You may wish to note that our leaves are selective picked from those that have naturally fallen from the trees after turning red in a natural chemical/biological process. These are the leaves that tan the blackwater streams in the forest where bettas and arowanas are found. We do not harvest fresh leaves from the trees and dry them. If we do that, the leaves will look very nice and indeed easier to obtain; but we doubt their efficacy for aquatic use. My husband will never use such leaves; and we do not know of any tropical fish breeder who will. All the breeders we know who use Ketapang Leaves will only use naturally fallen and dried ones. Indeed, if you try these naturally fallen leaves once, you will probably never go back to freshly harvested leaves! They have an aromatic smell that freshly harvested leaves do not have (it was this sweet smell that first led breeders and herbalists to suspect that they have beneficial properties), and they have a reddish tinge absent from freshly harvested leaves.

Dosage

For bettas, put a 1-2 sq inch piece (or a quarter of a leaf) into each 1 gallons (4 litre) jar. For usual aquarium (with tetras, gouramis, arrowanas, apistos etc), put 2-3 leaves per 25 gallons (100 litres) of water for 14-21 days. Simply put the leaves into the aquarium. After 1-2 days the leaves will be water-logged and sink. Apart from their benefical effects on the water, they will tan the water slightly (to a clear amber) and provide a very natural stream-bottom look to your aquarium. Alternatively, you can boil the leaves to make blackwater extract and dose when you need. Soaking the leaves in a bucket for a week will produce a similar result.

Quality Assurance

All our leaves goes through a four-level quality control:

Our first level quality occurs at picking. We pick the leaves from 6 or 7 different locations in Singapore where in total there are more than a hundred catappa trees which bear good quality leaves (not every catappa tree bear such leave. Some bear only yellow or thin leaves). We only pick leaves that are are freshly fallen from the tree and are dark red or brown (not green) and not bleached (or weather-beaten), whole, and not torn or have large holes (Indian Almond is one of the most delicious trees, so they very likely to get infested by caterpillars * which in itself is a good indication that the tree is not covered with toxic substances).
Our second level occurs at the washing and drying process. Leaves that are still fresh are shade-dried after washing. Some leaves are thrown away at these stage (e.g. leaves that are too dirty, green, or look/smell bad).
Our third level occurs at grade sorting. We are currently using a 5 grade system: Grade A Large (7"+), Grade A small (5-7"); Grade A baby (3-5"); Grade B Large (7"+); Grade C (anything else still usable). Grade A leaves are whole, dark and without holes. Grade B are large leaves which may have small holes or tears. 
Our fourth level quality control occurs at packing. As each leave is packed into the ziploc bag, some leaves which passed through the third level are downgraded.
Grade C leaves are smaller leaves that have holes or large leaves that have larger holes or tears and so cannot be classified under Grade B, but are still usable.

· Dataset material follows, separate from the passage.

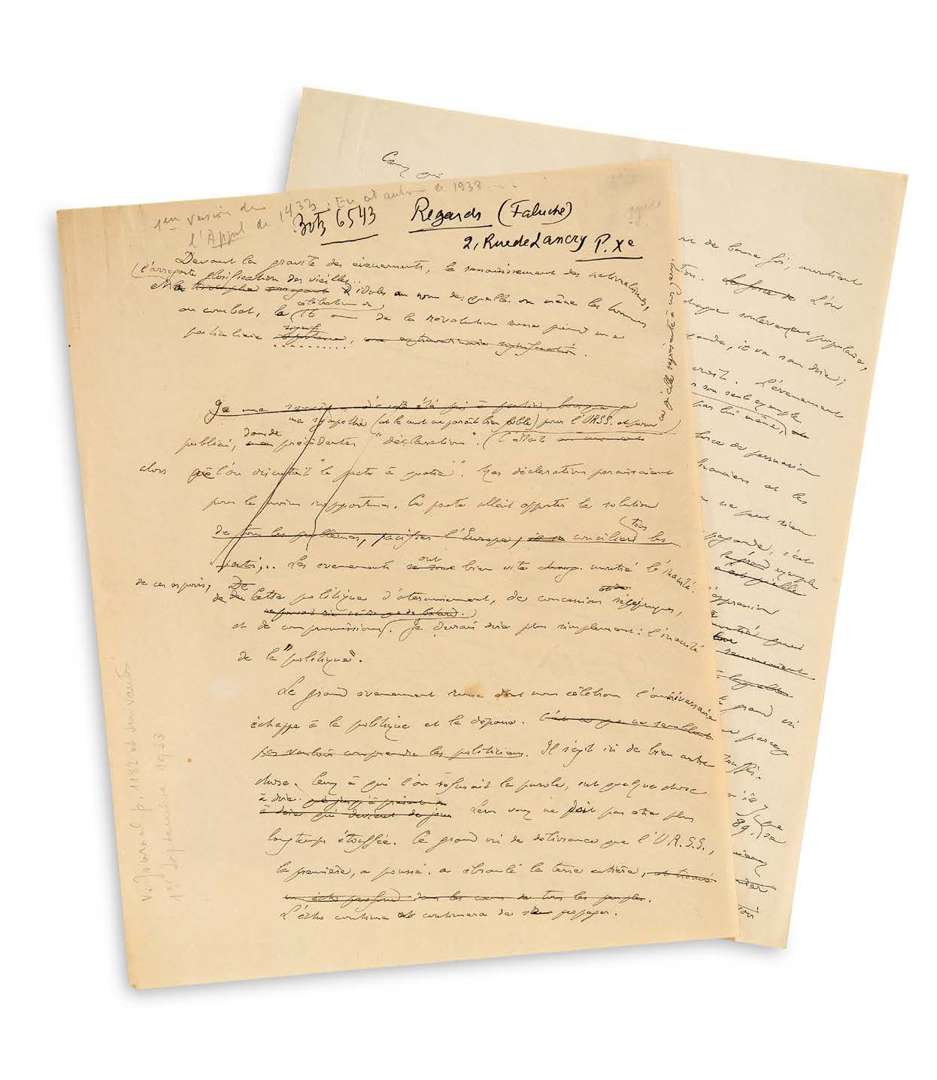Beau texte politique de Gide, écrit au moment où il commence à s'engager publiquement aux côtés des communistes. Le manuscrit, de tout premier jet, abondamment travaillé, comporte 34 corrections autographes, dont un long passage de six lignes biff ées parfaitement lisibles.
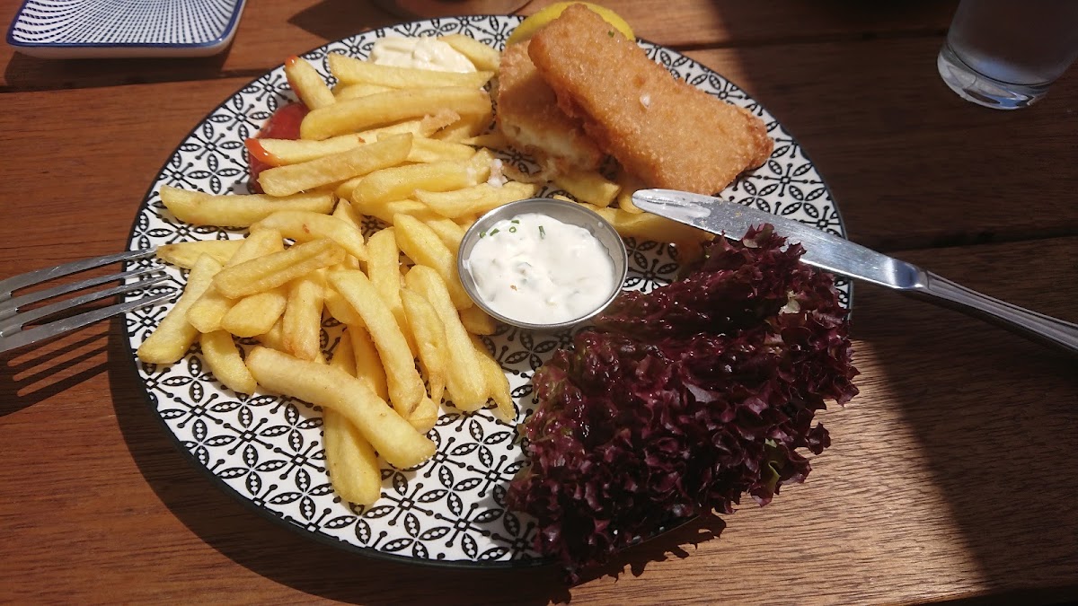 Nice terrace, fish and chips at a very competitive price for Hamburg and the neighborhood, kind and helpful waiter.

We do not use any heating implements (hot iron or microwave or oven) to dry or prepare the leaves as they may destroy the beneficial properties of the leaves. We've always used our leaves as they are after washing and have never experienced any problem with bacterial or parasites etc.


----------



## yayagirl1209 (Dec 3, 2011)

Thank you so much everyone for your replies! 
@pixelatedpaint....thanks for sharing your ILA experiment photos! Definitely decided that ILA is something I want to invest in. I was actually looking at Amy Lin's eBay store the other night! But it's really nice to hear first hand from forum members about their experiences!


----------



## PixelatedPaint (Nov 19, 2011)

I've tried many of the ebay vendors and Amy lim was the only one to send everything on time and nothing go missing. She always sends a gift of more leaves or something useful. Once I even got some IAL bark. Which is awesome for shrimp. Very professional compared to others I've purchased from. I don't mean to advertise for her but honestly many of my orders never came in with other vendors. I simply trust her the most.


----------



## SwimmR (Dec 8, 2011)

Wow, y'all have convinced me to try them too, for my tailbiter. I've never seen an ebay seller with over 4000 feedbacks, every single one positive (Amy Lim) - just ordered from her. I hope it does the trick for Curly - I've tried oak leaves, more stimulation, more water changes and less stimulation but he keeps on chomping.


----------



## yayagirl1209 (Dec 3, 2011)

Just bought the baby leaves from Amy Lin. Will anxiously await their arrival. 10-15 business days is gonna feel like forever!


----------



## PixelatedPaint (Nov 19, 2011)

How big is his tank? How many plants or decor? Do you leave the tank light on a lot? If he is long finned how is the current? Not enough decor, too much current, seeing his reflection too often and a smaller tank than that betta prefers can all be causes of tail biting. I've had bettas who prefer 1 gallons of 5 gallon and 10 gallons and vice versa. All bettas are unique. The IAL certainly helps Maybe because its something found in their natural habitat?


Yay! update when you have them. I am sure your bettas will love them.


----------



## Pitluvs (Jun 22, 2011)

Amy is who we use as well, excellent service! Many on here recommend her. I bought a $7 with shipping bag of 50 Grade D leaves and it was perfect for me. I plan on buying larger amounts next time.


----------



## PixelatedPaint (Nov 19, 2011)

Her baby leaves are amazing too! I got 100 grade A baby leaves and they are so dark and thick. Lots of tannins.<3 them.


----------



## yayagirl1209 (Dec 3, 2011)

I got the baby leaves because I think I'd like the look of a whole leaf in my little tank. And I figured 100 would last a while....as long as I don't cave into the desire to buy another betta right now. I've been officially bitten by the betta bug!!! 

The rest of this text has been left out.